The primary motivation of the project is to highlight the “risk” associated with Stocks by applying various statistical methods to measure risk factors such as “Market Sentiment” (“Beta”, “Standard Deviation”) and “Social Sentiment” (“Twitter feeds”). The fundamental reason to choose a topic in finance is partly current experience working in the industry and partly to understand the significance of “risk” being an end investor. Many of us manage different types of brokerage accounts (stock trading, 401k and IRA accounts) without clearly understanding the differing risk associated with the performance of these accounts. The risk appetite itself differs widely with different classes of investors depending on their personal situation and other factors. Hence it is prudent for such investors to understand the risk factors associated with their individual stocks or funds. Further, the recent advances in the social media has provided a wealth of information in the form of Twitter feeds or Google trends that can further provide great insight on the sentiment of investors influenced by market and other events. This research is an attempt to highlight concepts around “risk” factors by performing a thorough statistical analysis backed by appropriate models.

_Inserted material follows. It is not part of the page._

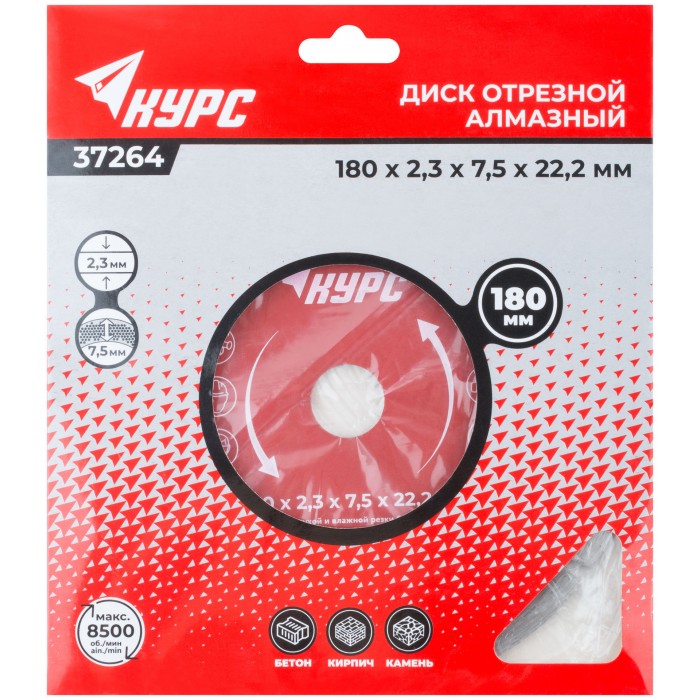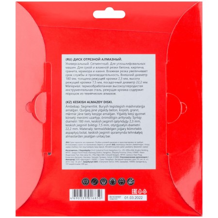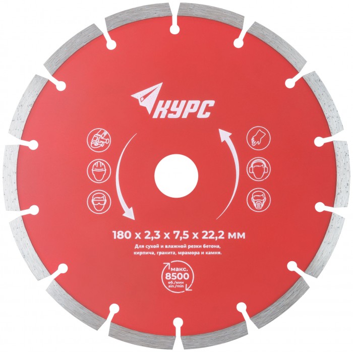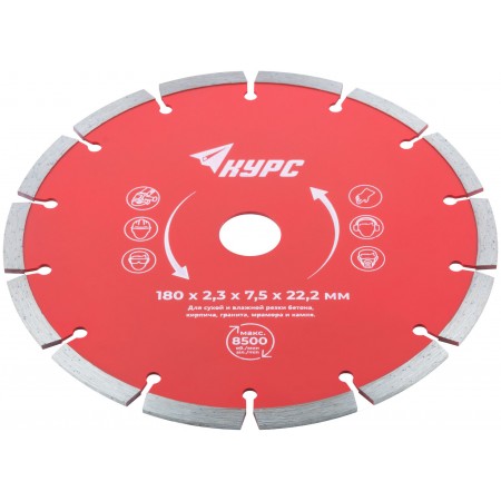 Диск отрезной алмазный сегментный (сухая и влажная резка) 180х2,3х7,5х22,2 мм (37264)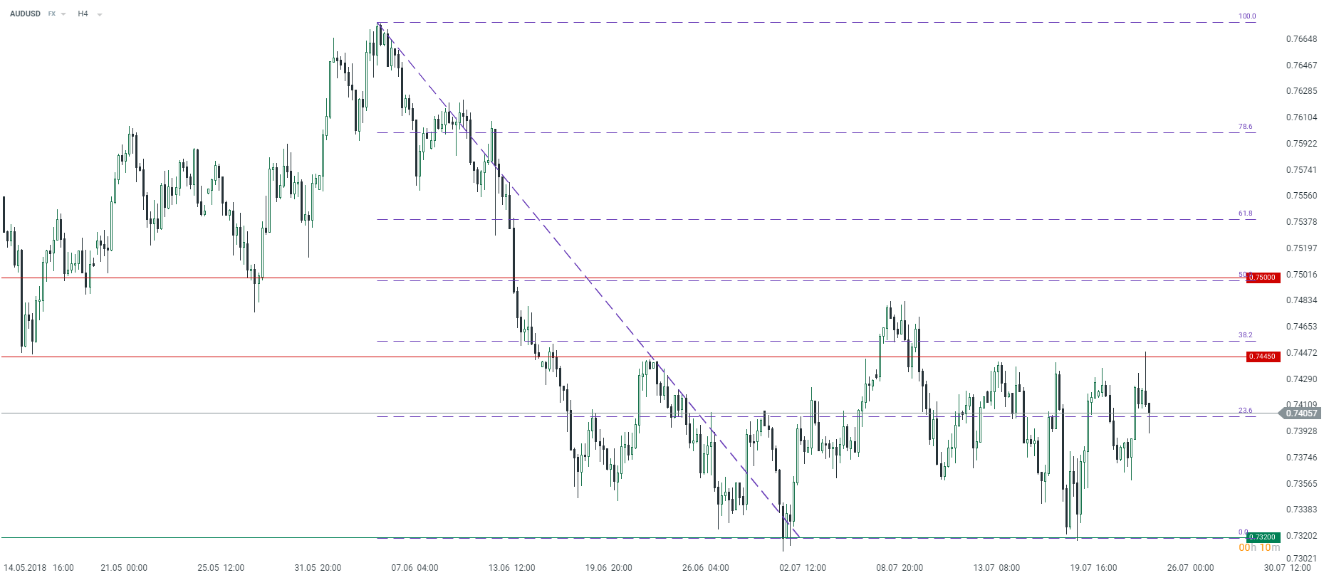 Podczas sesji azjatyckiej obserwowaliśmy kolejną dewaluację chińskiego juana. PBoC wyznaczył kurs niewiele powyżej 6,8, co jest poziomem najwyższym od czerwca 2017 roku. Chińskie akcje zdają się minimalizować to ryzyko i główne benchmarki Państwa Środka kończą sesję bez większych zmian. Obok chińskiej polityki monetarnej warto zwrócić uwagę na dane handlowe z Nowej Zelandii za czerwiec, które wskazały na deficyt w wysokości 113 mld USD wobec oczekiwań 200 mld USD nadwyżki. Dane pokazały nieznaczny spadek importu oraz większe spowolnienie eksportu. Dodatkowo API podało cotygodniowe dane o zapasach ropy. Odczyt wskazał na spadek o 3,2 mln baryłek. Rządowy raport DOE zostanie opublikowany dzisiaj o godzinie 16:00. Ceny ropy niewiele zyskują o poranku.

Volatility is a statistical measure of the dispersion of returns for a given security or market-index. Commonly, the higher the volatility, the riskier the security. The volatility itself is affected by multiple factors such as “Beta”, “Standard Deviation”, “Earnings”, “Balance Sheet”, “Analyst Recommendations” and “Social Sentiment”. We will start with the concept of Beta as a measure of volatility of a stock relative to the benchmark (like S&P 500) and analyze how it affects the returns of a stock relative to the benchmark. In particular, we will run a simple case study by choosing three stocks with widely differing returns relative to the benchmark (S&P 500) to emphasize the effect of beta on such classes of stocks. We will then generalize this a bit more, by comparing Beta (risk) for a universe of stocks against their respective returns for a chosen period and more important, we want to understand if a portfolio of low-volatility stocks earn returns different from a portfolio of high-volatility stocks. This is one of the fundamental questions that this research ponders upon by providing a statistical insight into the results. We will then repeat the analysis using Standard Deviation as the volatility measurement. The way we present this part of the material is by running a multiple regression model on stock’s return using beta and standard deviation as predictors. While the main focus of this research paper is on stock’s beta and standard deviation, we will also introduce other significant measures of volatility such as Twitter/Stocktwits feeds that is gaining momentum since the advent of Social Media Revolution. This is primarily done to make the investigation complete. .
## put your code here
library(dplyr)
##
## Attaching package: 'dplyr'
## The following objects are masked from 'package:stats':
##
## filter, lag
## The following objects are masked from 'package:base':
##
## intersect, setdiff, setequal, union
library(knitr)
opts_chunk$set(cache = TRUE, message = FALSE)
library(readr)
library(ggplot2)
theme_set(theme_bw(base_size = 16))
library(gganimate)
library(broom)
Load beta of a universe of stocks
url <- "https://raw.githubusercontent.com/goodwillyoga/E107project/master/Mohan/data/2500%20Stocks%20Financial%20Data.csv"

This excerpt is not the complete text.